**Data provided:**
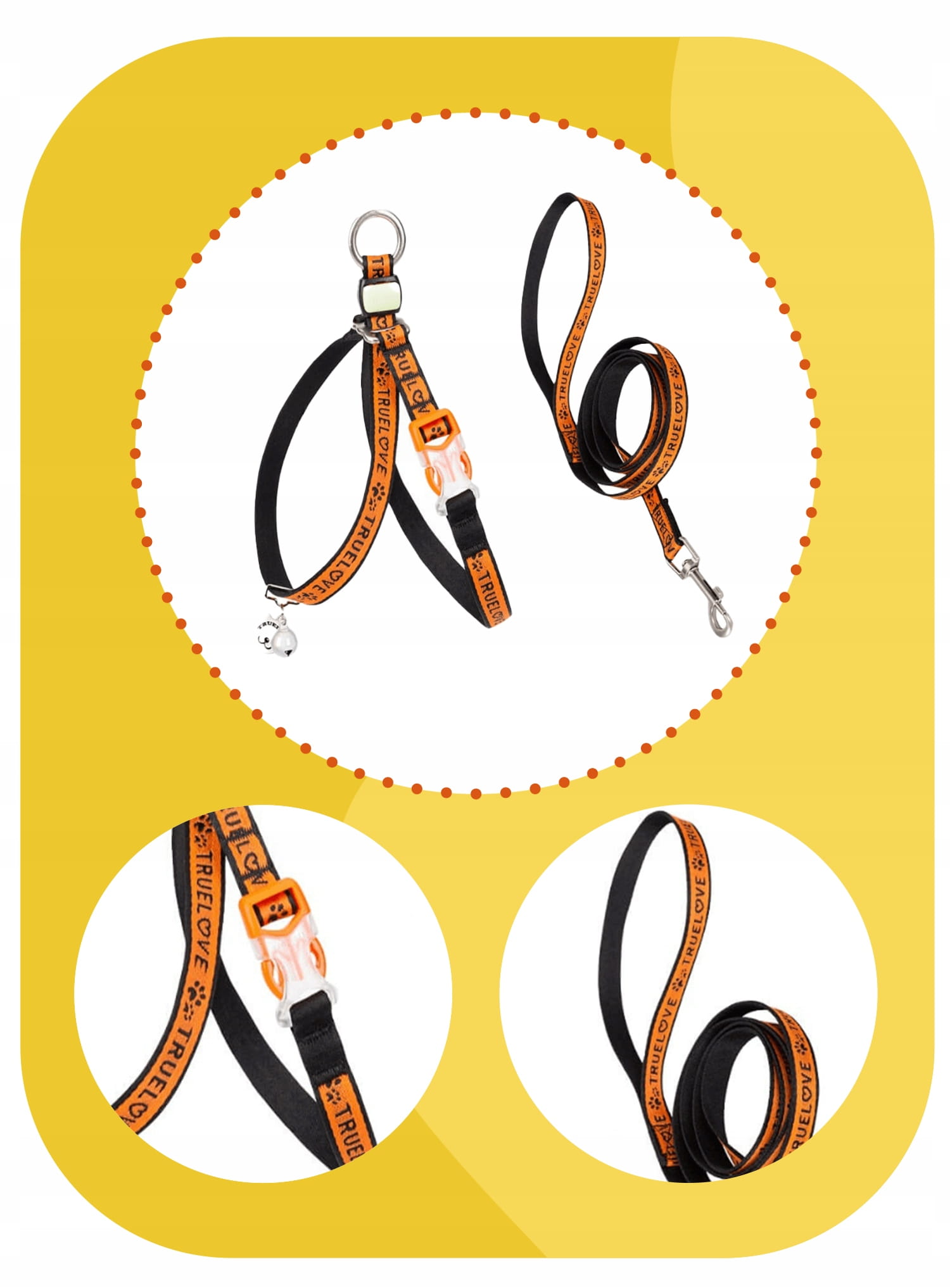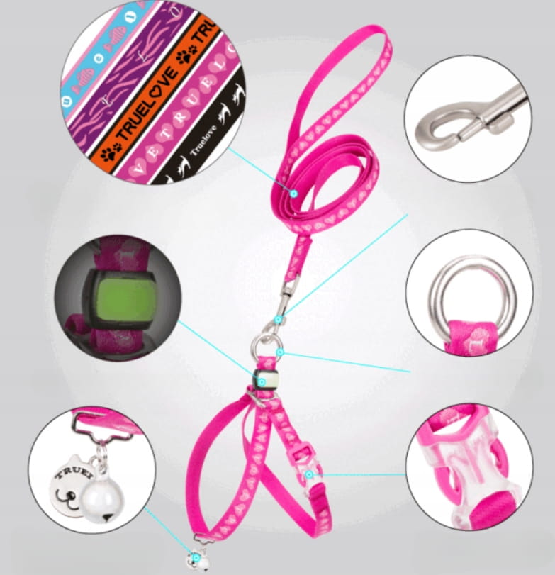 - W zestawie: szelki + smycz 120 cm + dzwoneczek + zawieszka
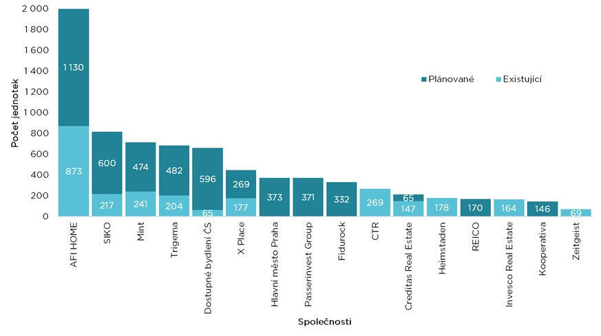 Graf 2 – Největší hráči v oblasti institucionálního nájemního bydlení v Praze
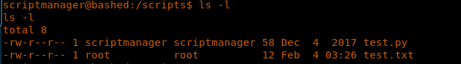 27. Enumerating this directory gives us a Python script and txt file. test.py is owned by scriptmanager and test.txt is owned by root.
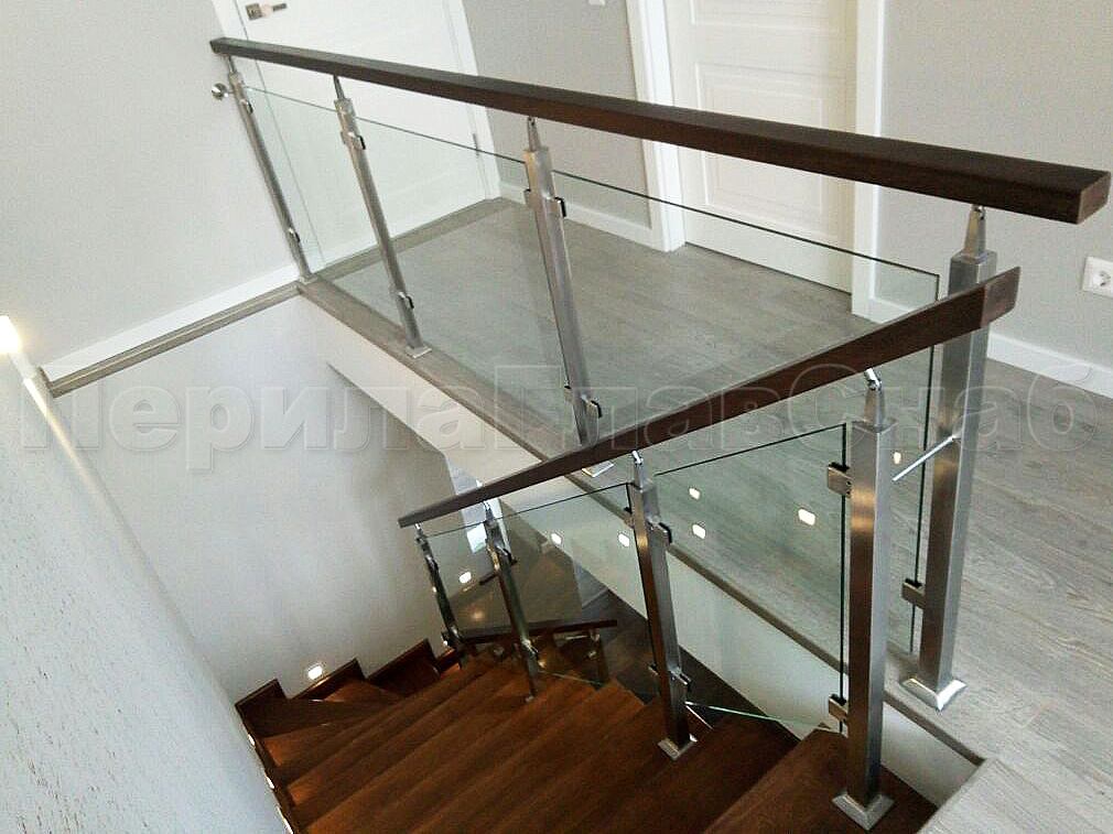 - Лучшая конфигурация для дома: квадратные деревянные стойки, квадратный деревянный поручень, заполнение из каленого стекла 8мм.

**Exercise description:**
A word-for-word copy of the lines from the one with "Graf 2 – Největší" through the last line of the data above is required, with both end lines included and no pictures.

**Result of this task:**
 Graf 2 – Největší hráči v oblasti institucionálního nájemního bydlení v Praze
 27. Enumerating this directory gives us a Python script and txt file. test.py is owned by scriptmanager and test.txt is owned by root.
 - Лучшая конфигурация для дома: квадратные деревянные стойки, квадратный деревянный поручень, заполнение из каленого стекла 8мм.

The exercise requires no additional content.